Christmas-themed events are blossoming this weekend, with parades, concerts and festivals. Folks with a hunger for history in homes also might enjoy fund-raisers in Conway and in Atalaya at Huntington Beach State Park.
The Pilot Club of Conway will have is annual “Conway Christmas Tour of Homes” 2-6 p.m. Sunday in a self-guided tour for $15 to eight sites across Horry County’s seat
Leslie Johnson-Quick, tour coordinator, said this marks about the 10th time the club has coordinated the tour. Although plans did not pan out for a tour in 2011, club officials found this year “a lot easier to get people to participate,“ she said.
Besides Kingston Presbyterian Church and the Conway Visitor’s Center, the stops cover six homes, and visitors can go in any order, at their leisure. Johnson-Quick said they range from a bed-and-breakfast in a historic residence and two newer places in the Maple area of Conway.
“It’s a good variety of houses,” she said.
At the beginning of September, Johnson-Quick started checking to see who’d be interested in opening up for this tour, with a goal “to lock it down” for an agenda “by Halloween.”
A past president of the club of 24 members, Johnson-Quick said she has been on the committee for this tour for five years, and she’s excited about her debut in rounding up all the points for the 2012 affair. Three charities will benefit as well: the Autism Advocate Foundation; Churches Assisting People; and Fostering Hope.
Every room in Atalaya
In the northeast corridor of Georgetown County, the Friends of Huntington Beach State Park will have their third annual “Atalaya Holiday Celebration” 11 a.m.-4 p.m. Saturday.
The party spreads through the 30 rooms in Atalaya, the former winter residence of Archer and Anna Hyatt Huntington, who also founded Brookgreen Gardens across the street, between Murrells Inlet and Litchfield Beach.
The benefit for the Friends raises funds toward its park improvement projects, such as renovation of some restrooms and the boardwalk this past year, and plans to install new shower towers.
Anne Rogers of Murrells Inlet, who handles publicity for the group, said teamwork in arrangements will “have every room decorated” and that “people have really taken an interest in it.”
She said this spirit carries over from last December, when participants stepped up the decor and “really went all out” with period looks, furniture and antiques, in many parts of the Spanish Moorish-style home.
“This year, people started asking for the rooms well in advance,” Rogers said.
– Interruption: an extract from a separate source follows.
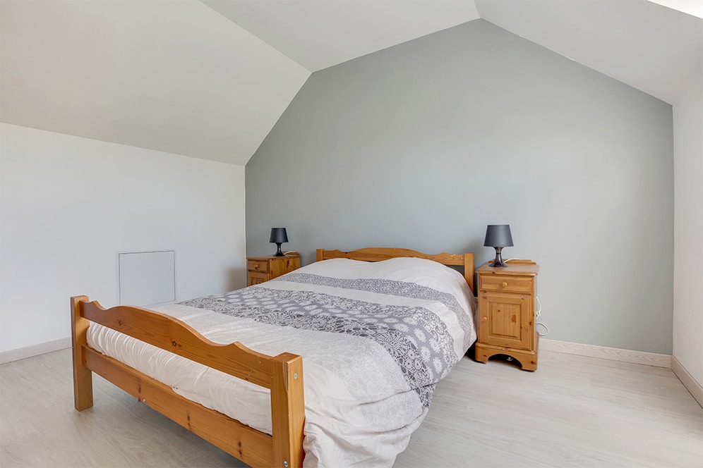Un séjour avec cuisine ouverte s’offre à vous au rez-de-chaussée, donnant sur la terrasse à l’arrière de l’habitation, par une grande baie vitrée. Sa cuisine bien éclairée et fonctionnelle vous séduira. La suite parentale, quasiment indépendante du corps de la maison, dispose d’une porte-fenêtre et d’un cabinet de toilette avec douche. À l’étage, les chambres accueillantes en soupente sont inondées par la lumière tombant des vélux.

Having the Grand Strand Model Railroaders club return to set up a train display expanded from the 2011 event and a full lineup of music all day also will make this event on Saturday “even better,” Rogers said. Various performers will take turns, such as the Pawleys Island Concert Band playing a set at 11 a.m., a local women’s chorus twice, and a hand-bell choir, to close the afternoon.
The menu also will be enlarged, Rogers said, with an oyster roast, chicken bog and clam chowder meals among the choices for “a nominal fee” besides the $2 festival admission and park-entry charge: $5 ages 16 and older, $3.25 S.C. seniors, $3 ages 6-15.
With about 100 members making up the Friends -- locally with many “transplants from somewhere else” and with some winter vacationers -- Rogers said the group’s core of helpers “enjoy putting time, energy and love into the park as a way of welcoming tourists and our local citizens.”
“We’re all volunteers,” she said, commending everyone for lending their hand and talents. “It takes a lot of work.”